Г р у я (берет трубку). Слушаю… А, здравствуйте, Василий Антонович. Добрый день… Телеграмму получил еще вчера вечером, но, как видите, я еще не в самолете и даже зубную щетку не закинул в портфель, чтобы отправиться в путь-дорогу… Что меня заставляет так долго раздумывать над зубной щеткой?.. Видите ли, причин слишком много для того, чтобы они могли выглядеть еще и вразумительными. Главная же из них та, что у меня большое горе — умер старый друг, и я еду хоронить его… Нет, он в нашей системе не работал, и должность его была самая маленькая. Попросту говоря, он был рядовым колхозником, но это один из тех старых друзей, к которому нужно ехать на похороны, чтобы сохранить чувство уважения к самому себе… Кстати, о бренности мира и суете сует… Помнится, еще весной вы как-то высказали мысль: а не засиделся ли я на своем нынешнем месте? По наивности я подумал было, что это шутка, скрывающая за собой возможное повышение, и только сегодня я понял, сколько суровой правды было в тех ваших словах… И, поняв, решил предпринять все возможное, дабы не задерживать собой вечное движение вперед, как это именовалось у Маркса. Молодым везде у нас дорога — это, как я понимаю, не только строчка из песни… О, разумеется, я сначала переговорю со своим начальством, все будет сделано с соблюдением всех установленных правил, но, как бы в дальнейшем ни сложились мои дела, я уже сегодня считаю себя обязанным поблагодарить вас за то, что в трудные минуты жизни находил у вас взаимопонимание и поддержку… Что-что?.. Нет, большие глупости мне уже не по плечу, а малые не в счет. До свидания.
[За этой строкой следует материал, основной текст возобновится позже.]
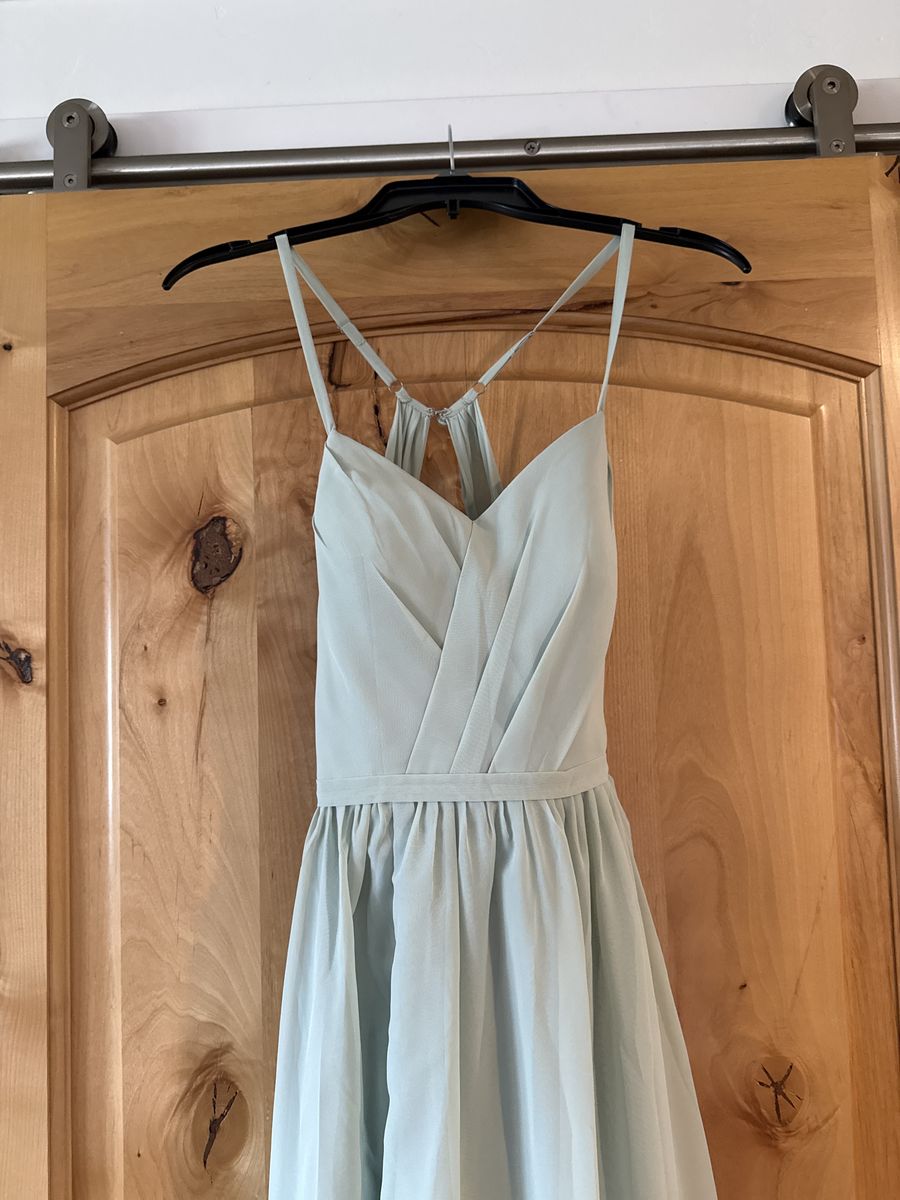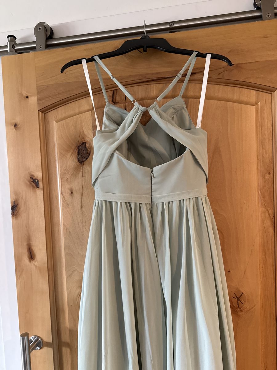 VenmoElegant A-line Long Sage Green Bridesmaid Dresses for Women with Side Slit Ruched Chiffon Formal Dresses with Pockets US 4. Only worn once, as new.
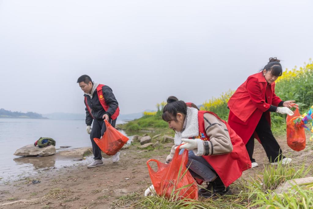 3月4日,重庆市永川区朱沱镇与四川省泸州市合江县白沙镇联合成立的“一抹志愿红”联合志愿服务队,来到永川区朱沱镇周公沱长江沿线,开展保护长江母亲河志愿服务活动。新华社记者 黄伟 摄
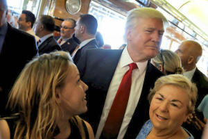 Republican presidential nominee Donald Trump makes his way through a
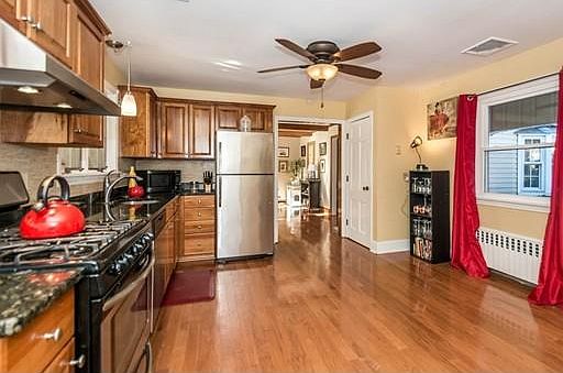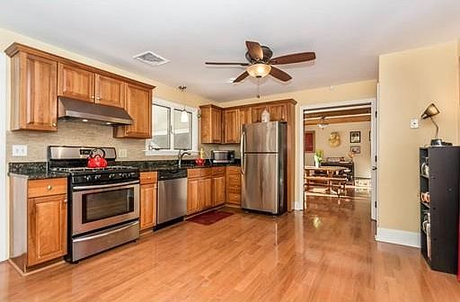 Huge price reduction! Pristine condition and great location! This charming and spacious home has a wonderful open flow and boasts an updated kitchen with stainless steel appliances, granite countertops and adjacent laundry room. Screened in deck off the kitchen overlooks the huge, flat and private back yard with tranquil fire pit and perennial gardens. Two gorgeous bathrooms! The house has great Architectural Details throughout like Beamed Ceilings, Bow and Picture Windows, Fireplace with new Gas Insert, Hardwood floors along with Central A/C, New Windows, Remotely Programmable NEST Thermostats and Hardwired Ethernet for better internet performance! Two Car Garage and parking for 4 more in the driveway. Electric fence in backyard. Tucked away in a residential neighborhood yet seconds from Highways, Grocery, Hardware, Shopping and Entertainment at the Loop. A beautiful mix of modern and vintage. A wonderful home and a great value. Come see.

Д е в у ш к а в р ы ж е м п а р и к е. Художественный фонд спрашивает: «Родина» — это что такое? Артель, колхоз или организация какая?
Г р у я. При чем тут артель, при чем тут колхоз! Родина — это организация, и передайте им, что ради этой организации во второй мировой войне двадцать с лишним миллионов сложили свои головы!
Глубокая осень. Берег, на котором еще недавно стояла Ива. С а н д у и Г р у я.
С а н д у. Давайте присядем. Мы слишком много ходим. Доктор говорил, что через каждые сто, максимум двести метров…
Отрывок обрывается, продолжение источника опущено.